So a good rubric might be: tighten eagerly down to a responder planet, but not all the way to a responder moon.

Tightening Procedure

The requester should probably send two requests at once when trying to tighten: one through a known but looser route, and one through a tighter but experimental route. Given the previous section, just after the earlier example of ~rovnys sending its request through ~syl to ~mister, ~rovnys should try to tighten that to forwarding just through ~ritpub-sipsyl down to the moon, skipping the galaxy and star.

So the next request that ~rovnys sends should go both to the known route starting with the galaxy, established by the previous request/response, and also an experimental 2-hop request starting with ~ritpub-sipsyl. If the experimental request gets a response, then ~rovnys can mark that route as valid, and its next request will go to that route and an experimental direct route to ~mister.

Once the requester has tightened the route all the way to a direct route, I'm not sure if it should keep sending a duplicate request to the responder's sponsor, or if it should send exclusively to the responder's direct route.
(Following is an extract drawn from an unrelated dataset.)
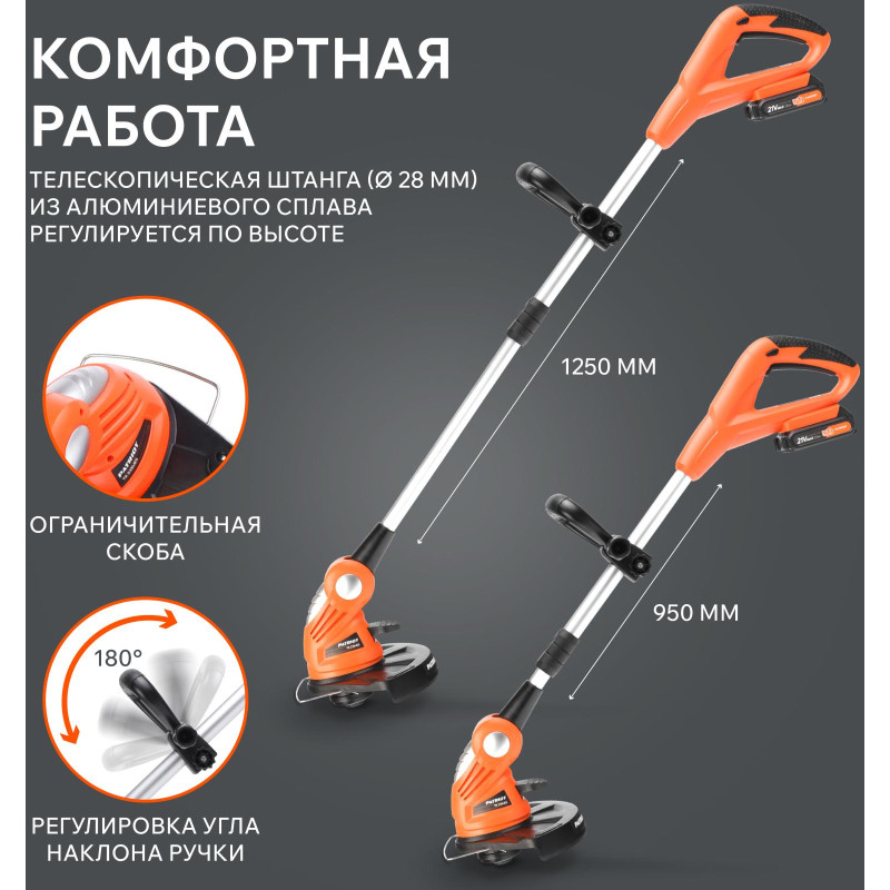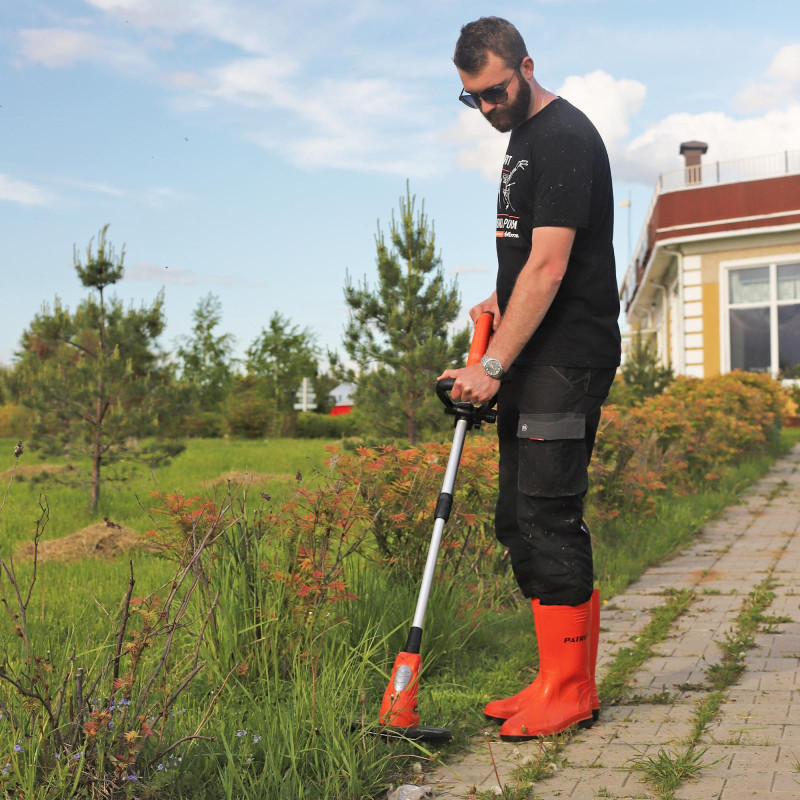 • Телескопическая ручка, регулировка угла и положения рукоятки и двигателя – вы сможете настроить триммер под свой рост;

Eventually, sponsors will likely want to cache scry responses on behalf of their sponsees. This is easier if the requests go through the sponsor, so I think at least for scry requests, it will be better not to tighten all the way to the responder. This means the requester will continue to try the direct route and a route through the responder's immediate sponsor.
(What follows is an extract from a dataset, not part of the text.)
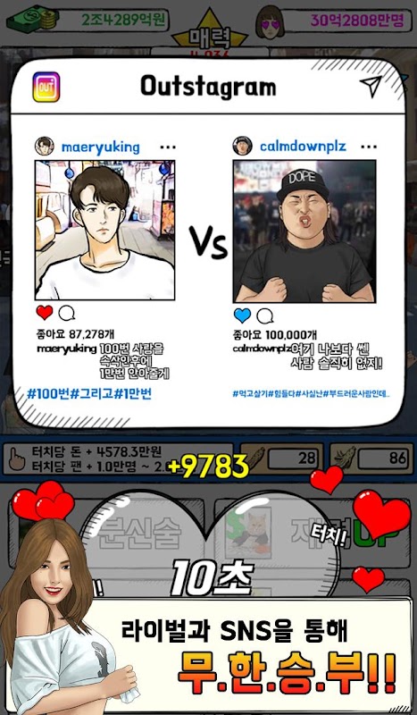 돈을 벌어보세요! 매력왕은 반(?)방치형 게임입니다.

(Probably, not all sponsors will cache all scry responses, so in many cases the direct route will still be faster, so trying both is likely to yield the best results).

Recovering from Route Loss

What happens if my nice direct route to the responder stops working? Again, I can see two possible ways to deal with this: either retry all the way from the galaxy, or drop down incrementally to a route with a single more hop. I suspect falling back incrementally is best, which will mean switching from trying both (n-1)-hop and n-hop routes to n-hop and (n+1)-hop routes.

Initialization Case: Planet Seeking Sponsoring Star

~rovnys-ricfer just booted and needs to find its sponsor ~ricfer so that ~ricfer can forward packets to it. In order to do this, it sends a 2-hop Ames request packet through ~fer to ~ricfer. From ~fer's perspective, ~rovnys-ricfer might as well be a foreign planet under a different galaxy; ~fer doesn't track ~rovnys-ricfer's lane.

When ~ricfer receives this request, it stores ~rovnys-ricfer's lane in its state and acks the request up through ~fer. Once ~rovnys-ricfer hears the response, it knows the direct route to ~ricfer, which it will try as its experimental route for future pings in addition to its known route through ~fer.

The same logic applies to a moon booting up to find its planet, just with more hops. The request goes from moon -> galaxy -> star -> planet, and then the response traces that path in reverse, ending in planet and moon knowing each other's lanes.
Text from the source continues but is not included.